According to the audit report, the CAA awarded the contract for the reconstruction & upgradation of the main runway at Allama Iqbal International Airport (AIIAP) Lahore to the Joint Venture (M/s China Civil Engineering Construction Corporation (CCECC)-MATRACON Pakistan (Pvt) Ltd and Habib Construction Services) at an agreement cost of Rs 6.45 billion.
As per the contract agreement (Clause 3.4.1.1 Technical Specification Chapter 2 Vol-II), all equipment used in the project must be the latest version produced by the manufacturer. Moreover, a Factory Acceptance Test (FAT) is mandatory to ensure the equipment’s quality and compliance with technical specifications before individual packaging.
However, the contractor had failed to conduct the FAT for imported equipment and had installed it without adhering to the crucial clause of the agreement.
Astonishingly, the cost of the FAT was already included in the equipment’s price, making both the contractor and PCAA responsible for ensuring compliance.
The audit further revealed that the origin of the materials was not certified during manufacturing, and no inspection visits were conducted to verify the manufacturer’s authenticity. Import documents, including goods declaration, bill of lading, and airway/seaway bills, were also unavailable for audit scrutiny.
Despite these glaring violations, an astounding sum of Rs 903.834 million was paid to the contractor for the equipment, which the audit report termed as deemed unauthentic and unjustified, raising concerns about financial mismanagement and lack of due diligence within the CAA.
Similarly, the authority awarded the contract for reconstructing a rigid runway at Quetta International Airport for Operation Aircraft up to ICAO Code 4E to M/s Umer Jan & Co Engineers and Contractors at Rs 4.93 billion.
The project’s timeline was later extended up to October 31, 2022. However, an audit revealed that a payment of Rs 627.543 million was made to the contractor for various Air Field Lighting System items.
Shockingly, the evidence regarding the quality and technical specifications of the Air Field Lighting System equipment/items, as per the contract and test reports, was unavailable in the produced records.
During 2021-22, the CAA awarded three contracts to M/s Selex ES INC, USA, and made 60% payment of Phase-I & II cost on a Pro-Rate Basis amounting to Rs 418.990 million.
However, the audit uncovered a serious lapse in the documentation process.
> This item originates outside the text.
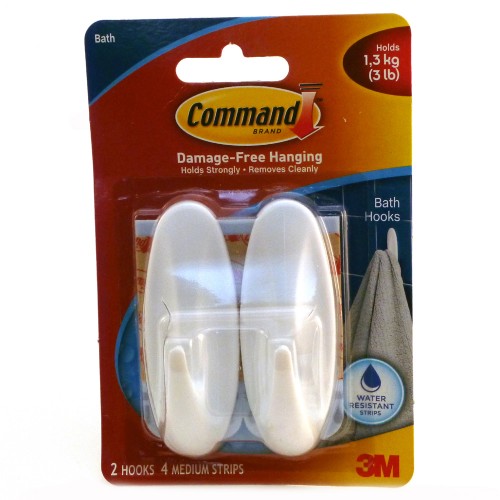 Command™ Hooks are available in a wide range of designs to match your individual style and decor. They also come in a variety of sizes and hold a surprising amount of weight - up to seven and a half pounds! Forget about nails, screws and tacks, Command™ Hooks are fast and easy to hang! Using the revolutionary Command™ Adhesive, holds strongly on a variety of surfaces, including paint, wood, tile and more. Yet, removes cleanly - no holes, marks, sticky residue or stains. Rehanging them is as easy as applying a replacement Mounting™ Strip, so you can take down, move and reuse them again and again!

Necessary documents, such as bill of lading, commercial invoice, packing list, certificates of origin, and export license, were not found attached to the payment vouchers, terming this lack of compliance as weak internal controls and potential mismanagement of funds.
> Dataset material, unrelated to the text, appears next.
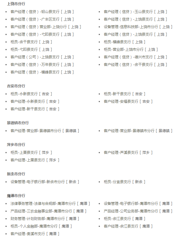 本次招聘崗位主要是各市、縣分支行專業類、銷售類、柜員崗位等。

Despite the audit’s detailed observations, the report said that the CAA has yet to respond, and the convening of the Departmental Accounts Committee (DAC) meeting has been continuously delayed, leaving the irregularities unaddressed. The audit report also recommends prompt corrective action and identifying responsibility for these violations of rules, causing to raise transparency and accountability issues within the PCAA.